(WORK TO BE COMPLETED): No line before the one holding "Chinese agronomist Hu" is wanted; restate word for word that line and all lines after it to the end of the entries, excluding pictures.
::::::::::
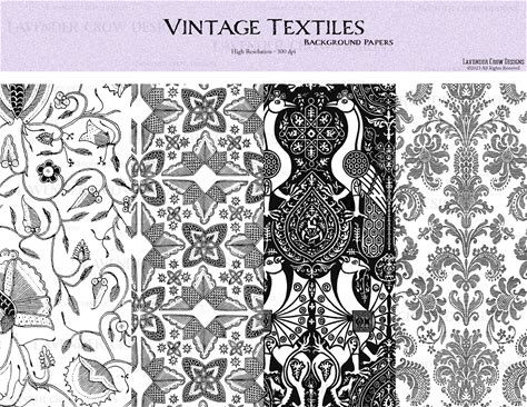 Ink Saver Backgrounds, Printable Vintage Textiles, Junk Journaling, Black & White, Vintage Ink Saving Pages, Vintage Backgrounds
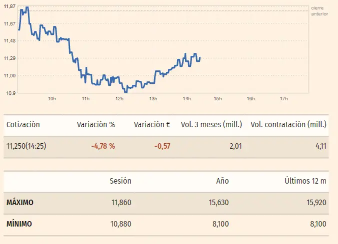 Los valores de las acciones Grifols no han hecho más que suman pérdidas recientes con sus cotizaciones de los últimos momentos, que marcaban valores de apenas unos 11.25 euros por acción. Las cotizaciones actuales son la consecuencia de las caídas de un porcentaje del 4.78% que se llevan unas pérdidas de unos 0.57 euros por acción, bajando desde los máximos y cierres de la sesión anterior de hasta unos 11.87 euros por acción. En cuanto al volumen de la empresa , lo hemos llegado a ver en unos 2.01 euros .
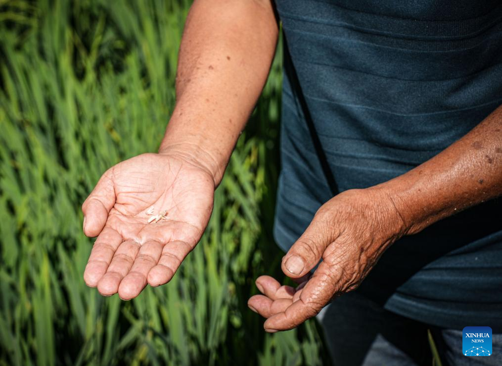 Chinese agronomist Hu Yuefang checks the rice seeds at the China Hybrid Rice High-Yield Demonstration Base near Antananarivo, Madagascar, March 26, 2025. (Xinhua/Li Yahui)
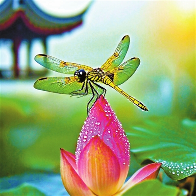 雨后天晴,蜻蜓在捕虫间隙立于荷蕾之尖,像个勇士在观察四周,随时出击。
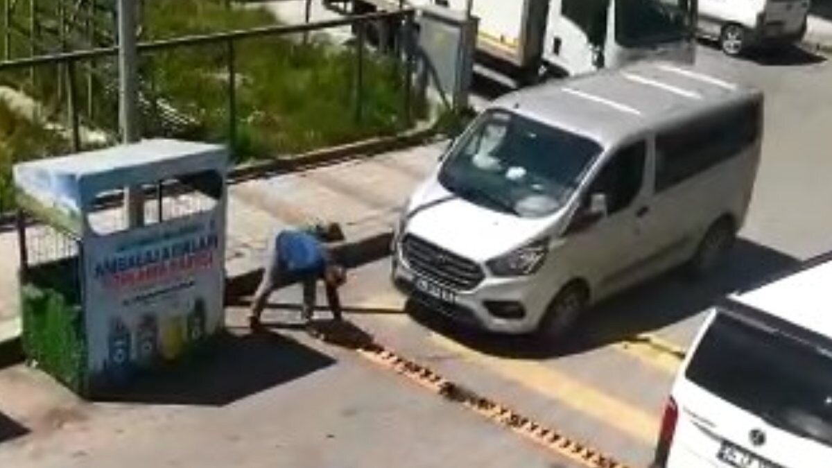 Yoldaki kapanı fark eden sürücü, aracından inip kapanların üzerine kaldırım taşları koydu. Daha sonra aracına binen sürücü, kapanların üzerinden geçerek yoluna devam etti.
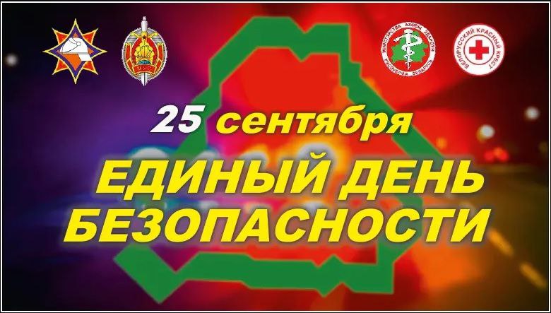 Министерством по чрезвычайным ситуациям Республики Беларусь совместно с заинтересованными министерствами и ведомствами Республики Беларусь 25 сентября 2025 года проводится Единый день безопасности, в задачи которого входит профилактика чрезвычайных ситуаций, а также, оказание первой медицинской помощи.
::::::::::
(EXERCISE OUTPUT):
 Chinese agronomist Hu Yuefang checks the rice seeds at the China Hybrid Rice High-Yield Demonstration Base near Antananarivo, Madagascar, March 26, 2025. (Xinhua/Li Yahui)
 雨后天晴,蜻蜓在捕虫间隙立于荷蕾之尖,像个勇士在观察四周,随时出击。
 Yoldaki kapanı fark eden sürücü, aracından inip kapanların üzerine kaldırım taşları koydu. Daha sonra aracına binen sürücü, kapanların üzerinden geçerek yoluna devam etti.
 Министерством по чрезвычайным ситуациям Республики Беларусь совместно с заинтересованными министерствами и ведомствами Республики Беларусь 25 сентября 2025 года проводится Единый день безопасности, в задачи которого входит профилактика чрезвычайных ситуаций, а также, оказание первой медицинской помощи.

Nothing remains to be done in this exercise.